START Recorded information
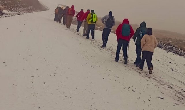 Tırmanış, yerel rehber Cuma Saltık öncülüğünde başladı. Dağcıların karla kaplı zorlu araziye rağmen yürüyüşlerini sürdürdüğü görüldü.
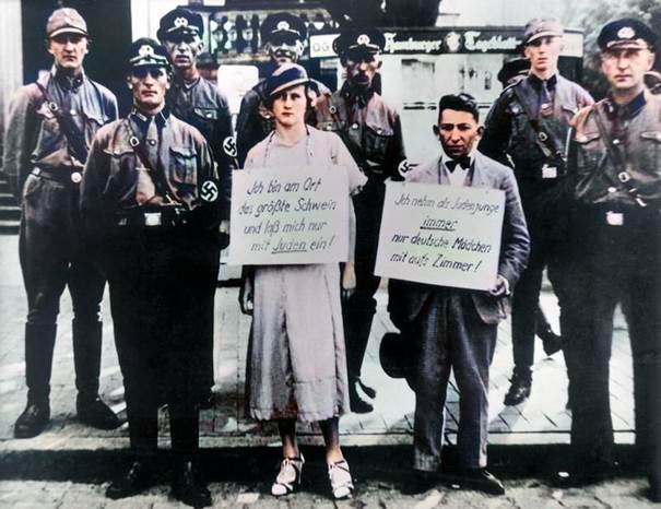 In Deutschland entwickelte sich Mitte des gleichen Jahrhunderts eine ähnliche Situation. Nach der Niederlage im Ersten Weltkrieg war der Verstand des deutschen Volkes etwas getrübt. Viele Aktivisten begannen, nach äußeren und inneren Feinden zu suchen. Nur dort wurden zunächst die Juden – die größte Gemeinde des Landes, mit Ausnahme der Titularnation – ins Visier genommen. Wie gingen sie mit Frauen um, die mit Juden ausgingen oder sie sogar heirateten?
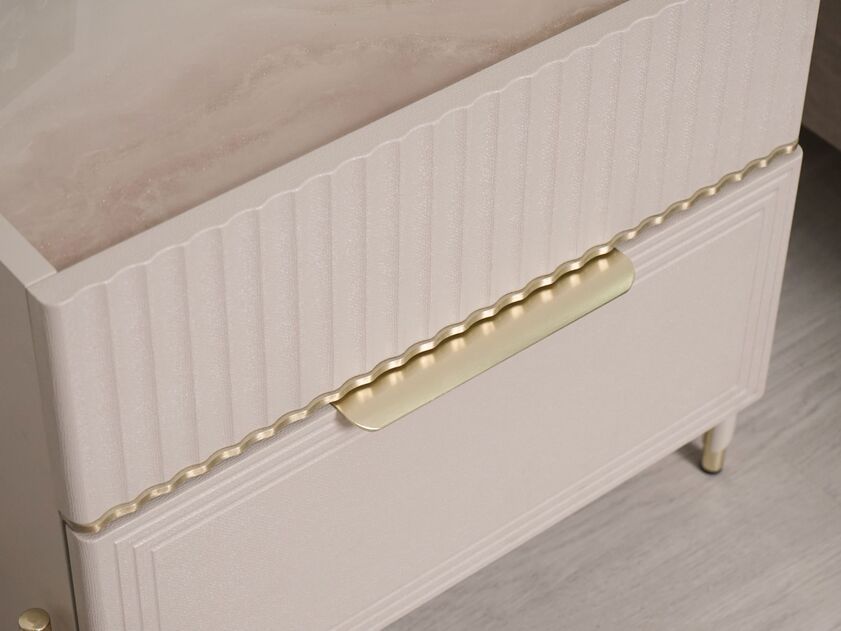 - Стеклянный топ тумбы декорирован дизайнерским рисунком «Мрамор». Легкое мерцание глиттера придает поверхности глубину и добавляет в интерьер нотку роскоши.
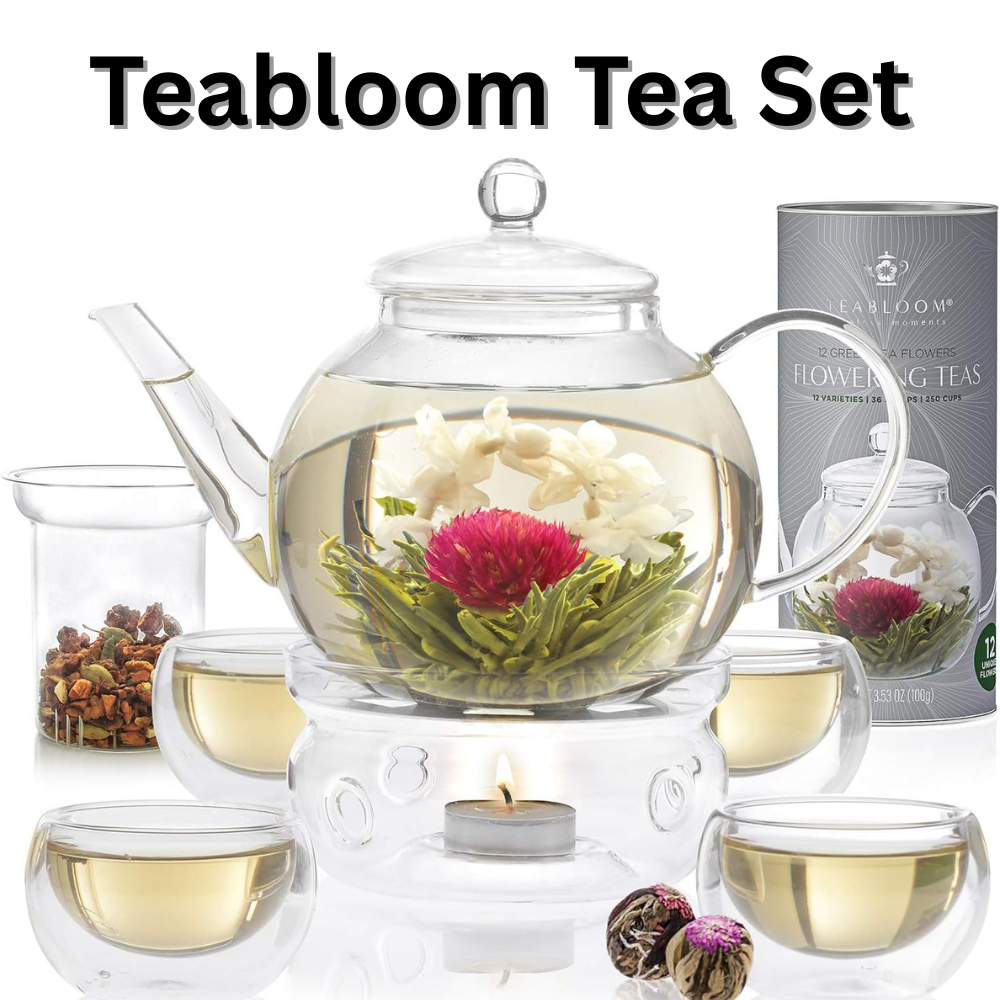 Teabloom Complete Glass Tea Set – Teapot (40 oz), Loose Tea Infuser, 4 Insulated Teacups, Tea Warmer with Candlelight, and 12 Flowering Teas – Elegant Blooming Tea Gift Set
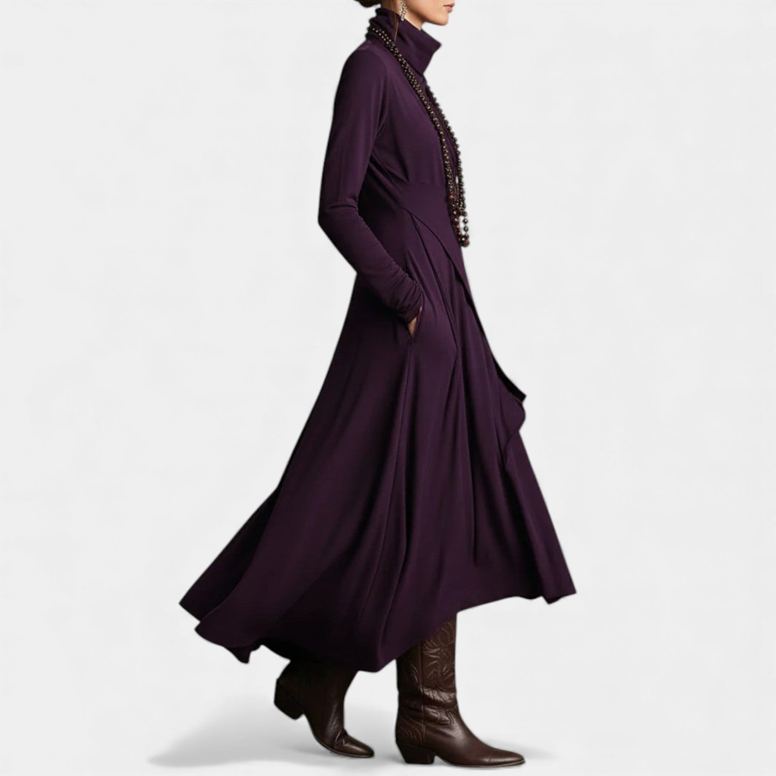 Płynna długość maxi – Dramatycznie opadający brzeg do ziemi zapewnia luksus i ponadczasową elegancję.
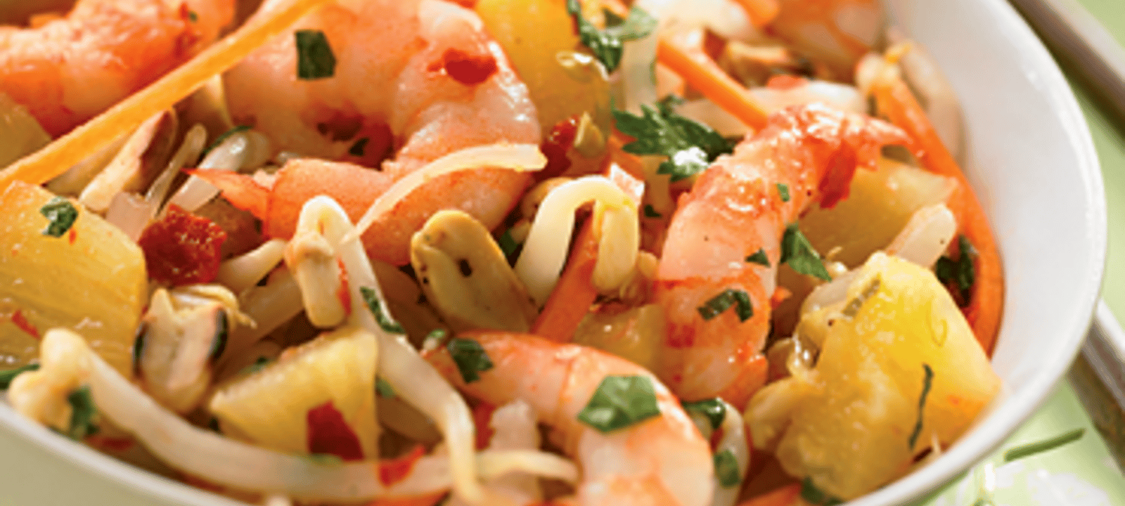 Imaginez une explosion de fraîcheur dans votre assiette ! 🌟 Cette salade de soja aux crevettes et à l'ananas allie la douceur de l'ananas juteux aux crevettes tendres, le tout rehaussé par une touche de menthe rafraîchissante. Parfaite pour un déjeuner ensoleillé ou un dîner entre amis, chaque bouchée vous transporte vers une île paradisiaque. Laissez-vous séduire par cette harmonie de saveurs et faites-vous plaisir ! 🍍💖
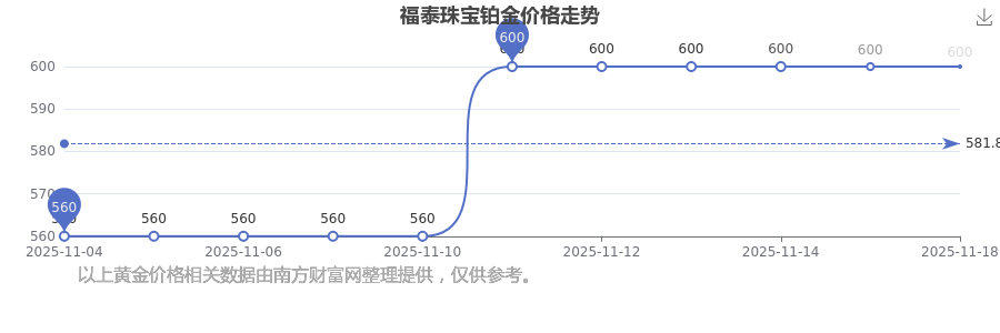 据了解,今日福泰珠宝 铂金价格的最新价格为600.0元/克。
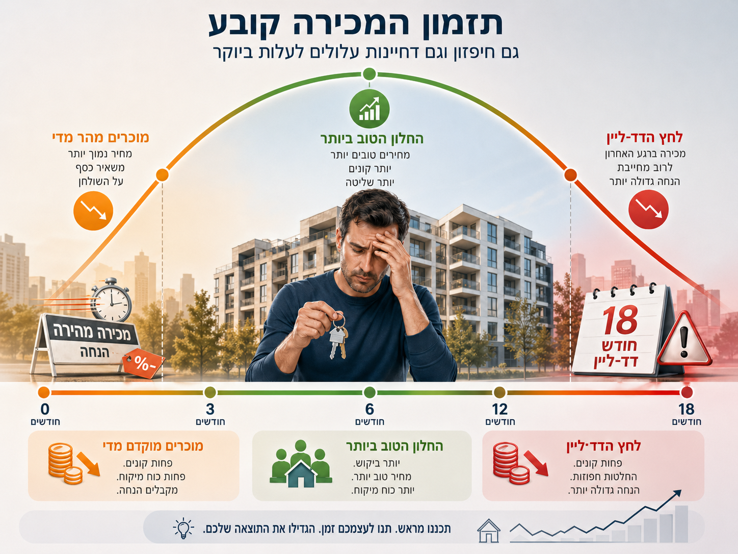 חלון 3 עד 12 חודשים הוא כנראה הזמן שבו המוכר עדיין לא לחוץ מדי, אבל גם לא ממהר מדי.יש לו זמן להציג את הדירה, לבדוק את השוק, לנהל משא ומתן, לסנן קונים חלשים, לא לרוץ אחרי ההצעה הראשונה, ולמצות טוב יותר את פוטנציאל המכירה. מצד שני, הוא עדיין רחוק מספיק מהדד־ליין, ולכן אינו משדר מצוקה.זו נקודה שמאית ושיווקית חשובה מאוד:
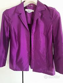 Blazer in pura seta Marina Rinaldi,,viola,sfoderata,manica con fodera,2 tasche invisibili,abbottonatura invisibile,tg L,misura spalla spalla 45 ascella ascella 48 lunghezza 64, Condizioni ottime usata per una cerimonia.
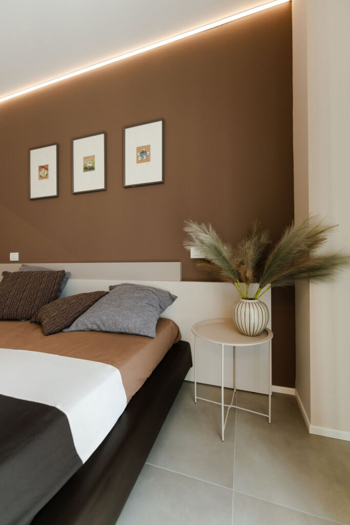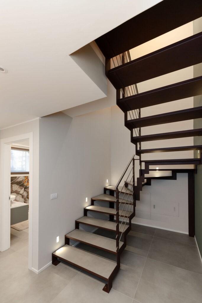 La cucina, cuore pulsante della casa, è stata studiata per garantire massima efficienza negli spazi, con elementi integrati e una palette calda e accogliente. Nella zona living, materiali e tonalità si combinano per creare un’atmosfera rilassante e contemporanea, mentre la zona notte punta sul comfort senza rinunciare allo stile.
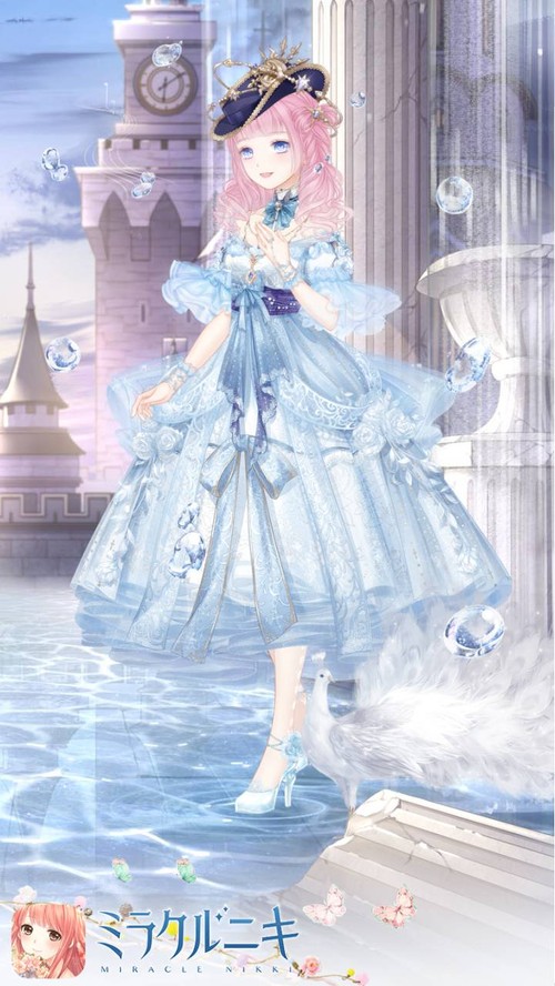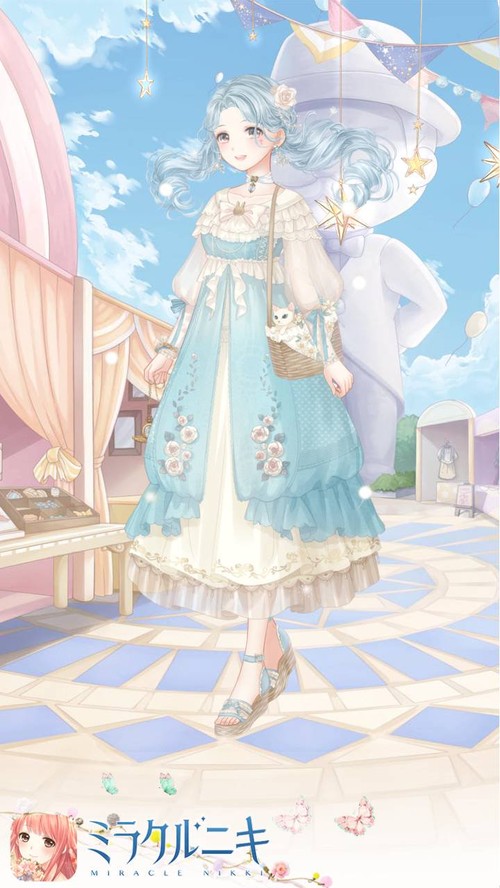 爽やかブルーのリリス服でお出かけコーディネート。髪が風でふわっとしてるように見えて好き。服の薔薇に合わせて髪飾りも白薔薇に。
END Recorded information
Problem to solve: Print nothing except the lines from the one with "Blazer in pura" through the last line of the listing, exactly as written and with pictures removed.

Solution to the exercise:
 Blazer in pura seta Marina Rinaldi,,viola,sfoderata,manica con fodera,2 tasche invisibili,abbottonatura invisibile,tg L,misura spalla spalla 45 ascella ascella 48 lunghezza 64, Condizioni ottime usata per una cerimonia.
 La cucina, cuore pulsante della casa, è stata studiata per garantire massima efficienza negli spazi, con elementi integrati e una palette calda e accogliente. Nella zona living, materiali e tonalità si combinano per creare un’atmosfera rilassante e contemporanea, mentre la zona notte punta sul comfort senza rinunciare allo stile.
 爽やかブルーのリリス服でお出かけコーディネート。髪が風でふわっとしてるように見えて好き。服の薔薇に合わせて髪飾りも白薔薇に。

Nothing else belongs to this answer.